Pre-to-3: 20 years of NJ's Abbott pre-k provides lessons for other states
Leaders look ahead to expansion of the model.
This latest Pre-to-3 column looks at how New Jersey implemented a court-mandated early-childhood program and what other states might learn from their experience. Past installments of Pre-to-3 can be found here.
Twenty years ago, the New Jersey Supreme Court mandated that 31 of the state’s most disadvantaged school districts offer free preschool to all 3- and 4-year-olds. The decision in Abbott v. Burke to include preschool as a remedy in a school finance case set a precedent that justices in North Carolina, South Carolina and several other states soon began to follow.
The courts were in effect recognizing that educational inequities begin long before students start kindergarten. As a result, the Abbott Preschool Program, which consistently meets quality standards, became an example that have inspired leaders from New York to Seattle.
Following the students into their elementary years, the National Institute for Early Education Research (NIEER) at Rutgers University have found that the effects of two years in the program are “large enough to close about half the achievement gap between low-income children and their more advantaged peers,” and that the program has also contributed to a decline in grade repetition and students being referred to special education.
With the program now in a period of expansion, the leaders of NIEER, early education advocates, policymakers and school district representatives will join together on Wednesday for a one-day session to reflect on the success of the Abbott program as well as what others can learn from the model.
One aspect of the Abbott program was that the teachers — who were already working in a variety of child-care and early-childhood programs with varying educational requirements — were required to have a bachelor’s degree. Teachers had until the fall of 2004 to earn a four-year degree with specific training in early childhood.
To meet the ambitious deadline, the state, the higher education community and community-based programs had to cooperate to create a P-3 certificate, design the college curriculum, hire enough faculty members and ensure that teachers who needed the degree were aware of how to enroll. The state also provided tuition scholarships to help teachers earn their degree and the colleges and universities offered academic counseling services to assist those returning to school after several years.
With the question of how to implement higher education requirements for early educators now being debated on a national level, New Jersey’s experience demonstrates how a state can reach such a goal over a relatively short period of time.
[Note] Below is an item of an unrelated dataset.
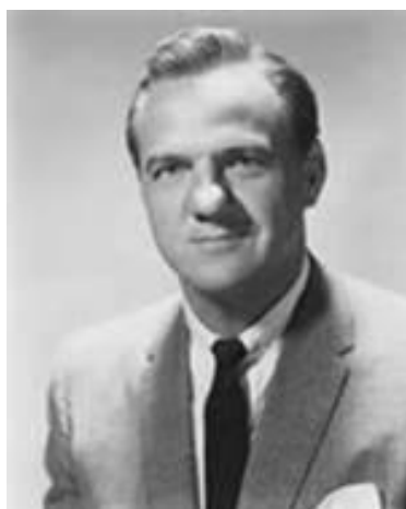
Karl Malden, US Army Air Corps. 8th Air Force, NCO..

Results of the Abbott program also suggest that the curriculum chosen matters less than teaching quality. The districts had five different curricula from which to choose, ranging from structured to more play-based. Those who have studied the program since it began have also observed how preschool became fully integrated into some school districts. This means, for example, that the expectations and supports for preschool teachers and programs are the same whether the class is in a school or in a community-based center.
“Districts that used it well used it to push their whole system,” says W. Steven Barnett, the senior co-director and founder of NIEER.
The Abbott program has since expanded to a few additional districts beyond the original 31, and an additional $20 million was allocated late last year to bring on 26 more districts. But that expansion plan was approved by the legislature 10 years ago. Barnett argues in a recent op-ed that because the state missed earlier opportunities to increase access to preschool, the state now ranks 20th in terms of enrollment of 4-year-olds.
Ellen Frede, also a senior co-director at NIEER, says that in many of the expansion districts, she sees a “real commitment and understanding” of quality early-childhood education among district and school leaders. But she would still like New Jersey to do what a few other states have done — require prospective principals to take a course in early childhood. “Why would you have expansion of preschool,” she asks, “and not make sure principals can lead it.”